%0 Book Section %B Methods in Molecular Biology %D 2017 %T The GOR Method of Protein Secondary Structure Prediction, and its Application as Protein Aggregation Prediction Tool %A Maksim Kouza %A Eshel Faraggi %A Andrzej Koliński %A Andrzej Kloczkowski %X

The GOR method of protein secondary structure prediction is described. The original method was published by Garnier, Osguthorpe and Robson in 1978, and was one of the first successful methods to predict protein secondary structure from amino acid sequence. The method is based on the information theory, and an assumption that information function of a protein chain can be approximated by a sum of information from single residues and pairs of residues.

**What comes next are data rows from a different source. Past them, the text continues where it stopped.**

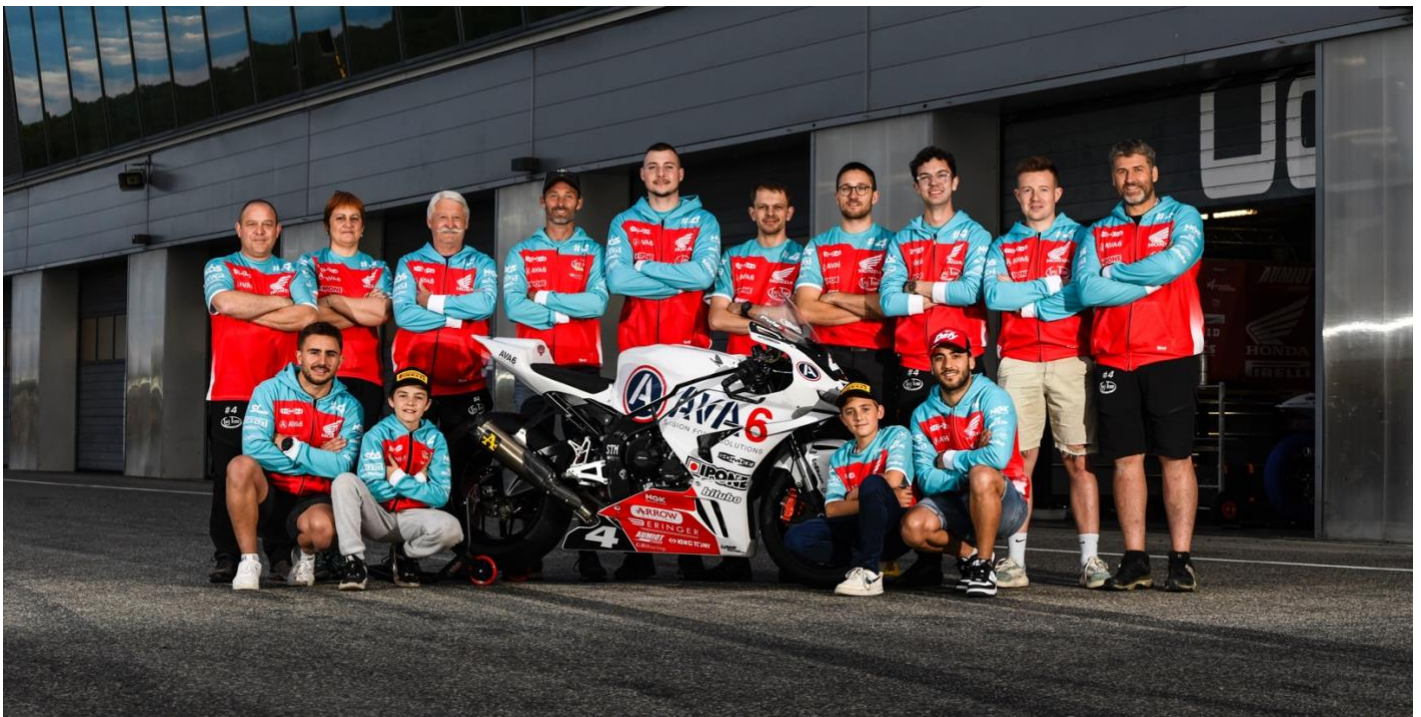
AVA6 partenaire en Endurance (EWC), mais aussi sur la Tati Team Academy et le Championnat de France Superbike (FSBK)

Depuis sa 1 ère saison en Endurance en 2014, la progression du TATI TEAM a été remarquable. Le team a d'abord décroché le titre en catégorie Superstock en 2018, avant de monter sur 2 podiums en EWC (2 ème à Spa en 2022, puis 3 ème à Spa en 2024). Le team a également frôlé l'exploit à plusieurs reprises : en 2022, lors de la finale du championnat sur le circuit du Castellet, à la mi-course, le TATI TEAM était virtuellement Champion du Monde EWC... avant une casse moteur. Puis, en septembre 2024, au Bol d'Or, le team a mené la course pendant la 1 ère heure, devançant tous les teams officiels et leurs pneus de développement. Cette décennie de moments clés témoignent de l'évolution positive du team. De "petit" team privé français en Superstock, le TATI TEAM est aujourd'hui reconnu comme un véritable challenger de la catégorie reine de l'EWC. Cette transformation a été rendue possible grâce à des moyens humains, techniques et financiers, même si l'équipe reste encore bien loin des ressources financières des teams d'usine.
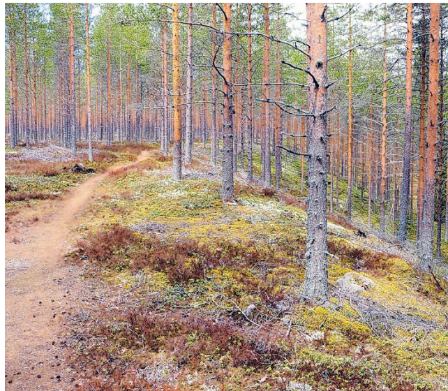
Valkealammen poluilla juostaan jälleen tulevana lauantaina.

Lähtö tapahtuu yhteislähdöllä kello 12 ja eturiveissä lähtevät kilpasarjat miehet, naiset, M50, N50, P16, T16 ja sitten kunto-, retki- ja perhesarjat.
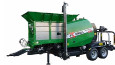
KNOLL MultiBaler 820
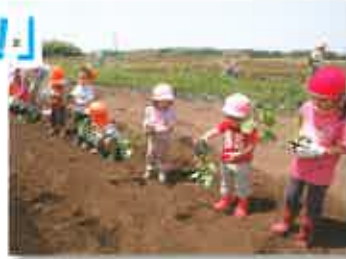
みんなで枝豆の苗を植えました

5 月19日、【ここへおいでよ】の園児9名が、菊陽町にある当グループの農園「ピュアファーム」へ。園児たちは、昨年からは月1回程度、農園で野菜の苗植えや収穫体験を行っています。普段、土に触れる機会が少ないので最初は恐る恐るでしたが、最近では楽しそうに土いじり。また、収穫した野菜は家に持ち帰ります。食べ物への感謝の気持ちを育み、野菜嫌いの解消にも役立つ農作業体験はこれからも続きます。

The analysis of frequencies of occurrence of secondary structure for singlets and doublets of residues in a protein database enables prediction of secondary structure for new amino acid sequences. Because of these simple physical assumptions the GOR method has a conceptual advantage over other later developed methods such as PHD, PSIPRED and others, that are based on Machine Learning methods (like Neural Networks), give slightly better predictions, but have a “black box” nature. The GOR method has been continuously improved and modified for 30 years with the last GOR V version published in 2002, and the GOR V server developed in 2005. We discuss here the original GOR method and the GOR V program and the web server. Additionally we discuss new highly interesting and important applications of the the GOR method to chameleon sequences in protein folding simulations, and for prediction of protein aggregation propensities. Our preliminary studies show that the GOR method is a promising and efficient alternative to other protein aggregation predicting tools. This shows that the GOR method despite being almost 40 years old is still important and has significant potential in application to new scientific problems.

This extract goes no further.